Covering regions for the \(\mathrm{Bin}\left(10, 0.50\right)\) distribution. (The plots at the top show two canonical solutions to the 90% smallest coverage region problem; the plots at the bottom show two regions with inadequate/excess coverage probability)

In order to identify all the canonical smallest covering regions (i.e., all solutions to the dual optimisation problem set out above), it is sufficient to compute a single solution, and identify the set of all values in the support that are equiprobable with the least probable value in the canonical smallest covering region (which we will call the “variation set”). This allows us to form other solutions by “swapping out” elements in the variation set in such a way that a fixed number of elements are included. In the example shown in Fig. 2, it would be sufficient to find the solution shown in the top-left plot (which includes \(x=2\) but excludes \(x=8\)), but also identify the variation set composed of the elements \(x=2\) and \(x=8\). The latter solution can then be obtained by swapping the points in the variation set to yield the region shown in the top-right of the figure. In general, if there are \(n\) values in the variation set and \(r\) of these values must be included to obtain the minimum coverage probability of the region then there will be \(\left(\genfrac{}{}{0pt}{}{n}{r}\right)\) solutions to the optimisation problem. All of these solutions have the same coverage probability and the same size, so none is statistically more favourable than another. Indeed, statistical prediction problems usually require only a single solution to the problem, and so it is usual that we would not need to compute all solutions.

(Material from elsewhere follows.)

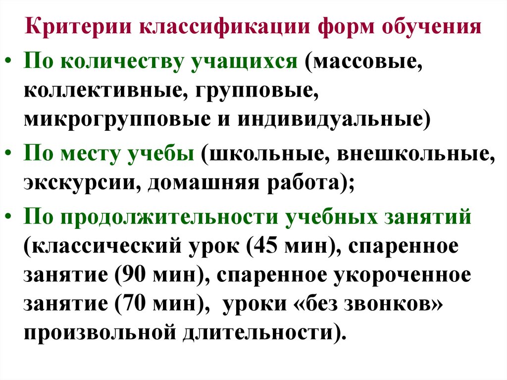 Критерии классификации форм обучения• По количеству учащихся (массовые,

3 One-at-a-time iterative method for computing CSCR/HDR

We have already noted that the optimisation problem for the discrete CSCR/HDR is a variant of the classical “0–1 knapsack problem”, which is a weak NP-hard problem. This optimisation problem has several variants in the literature and a number of exact and approximate solution methods (for an overview, see Martello and Toth 1990; Pisinger 2005). As a prelude to our discussion of the present optimisation of interest, we begin with a brief excursion into the general mathematical methods that have been used to solve that problem. There are a range of well-known algorithms for computing the optimising set in the classical problem.

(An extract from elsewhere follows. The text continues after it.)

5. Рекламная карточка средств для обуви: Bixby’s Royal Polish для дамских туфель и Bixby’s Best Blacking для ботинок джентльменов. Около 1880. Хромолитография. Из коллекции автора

Markov Chain Monte Carlo (MCMC) methods can be used to give approximate solutions for the knapsack problem. One approach to the optimisation is the use of “simulated annealing” which is a stochastic optimisation method similar to the Metropolis–Hastings MCMC method. The simulated annealing method explores the surface of the objective function stochastically using the Metropolis acceptance-rejection method. The algorithm terminates when the average change in the objective function is small, when it rejects a large number of consecutive points, or at other stopping conditions such as a maximum number of total iterations or running time. The simulated annealing method can be “parallelised” by producing parallel runs of candidate points and exchanging solution information either at all or occasional iterations. Regular and parallel simulated annealing in the 0–1 knapsack problem have been examined in a number of papers, and has been subjected to comparative analysis with other methods (see e.g., Lin et al. 1993; Sonuc et al. 2016; de Almeida Dantas and Cáceres 2018; Moradi et al. 2021).

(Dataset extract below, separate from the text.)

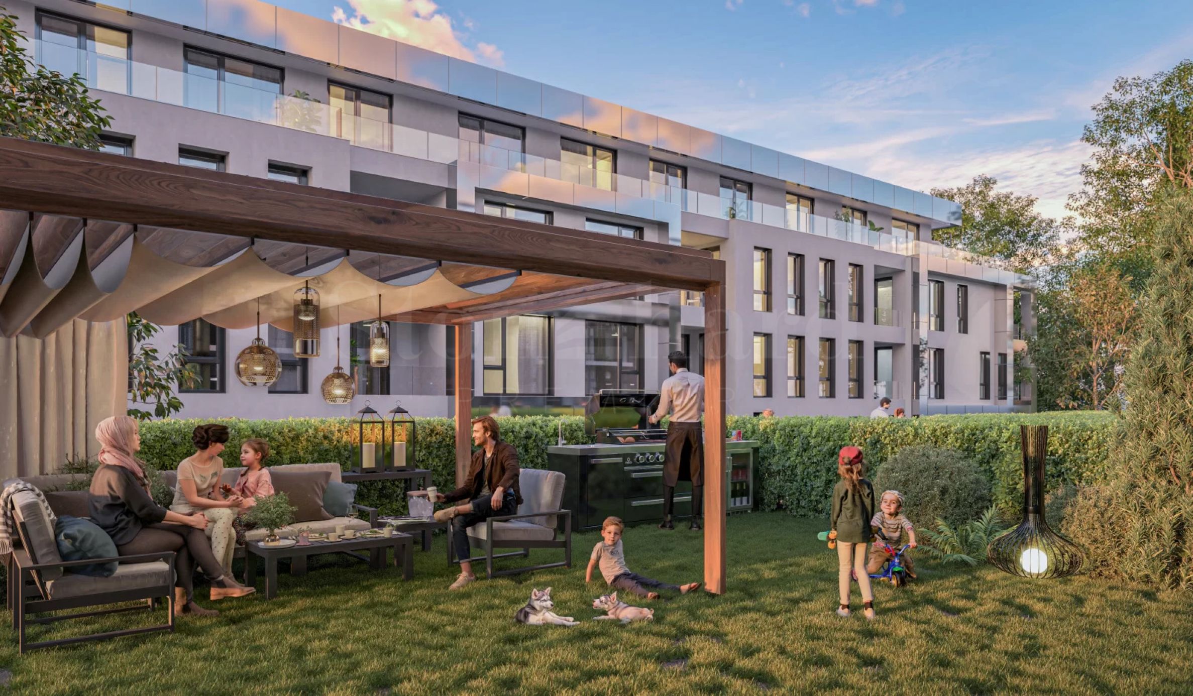 • a landscaped garden with a playground and a pet area is provided, providing an ideal place for relaxation and outdoor entertainment.

Another class of methods are “genetic” or “evolutionary” algorithms that solve optimisation problems using a process that mimics evolutionary “natural selection” processes in biology (Goldberg 1998). These algorithms give a stochastic process converging to the solution of an optimisation problem by simulating an evolution where each iteration in the search space is treated as a “generation” that evolves using either a fitness function or some other evolutionary specification. The broad nature of this method leads to a variety of specific algorithms. Genetic algorithms have been applied to a range of knapsack problems (see e.g., Khuri et al. 1994; Chu and Beasley 1998; Gupta and Garg 2009; Changdar et al. 2015; Rezoug et al. 2018; Ali et al. 2021).

The stochastic nature of these algorithms means they are not guaranteed to produce an exact solution, but the discrete search space for the 0–1 knapsack problem has a non-zero probability of an exact solution.Footnote 3 Dynamic programming methods can be used to solve the 0–1 knapsack problem, by breaking the optimisation problem down into recursive steps involving simpler problems (usually with heavier constraints). Dynamic programming has been used to solve the 0–1 knapsack problem (see e.g., Martello et al. 1999). Other exact algorithms are available for the classical version of the problem (Martello et al. 2000). Unfortunately, existing methods of this kind are only available when the weight capacity is known in advance, and the set of items is finite, which is not the case in our problem.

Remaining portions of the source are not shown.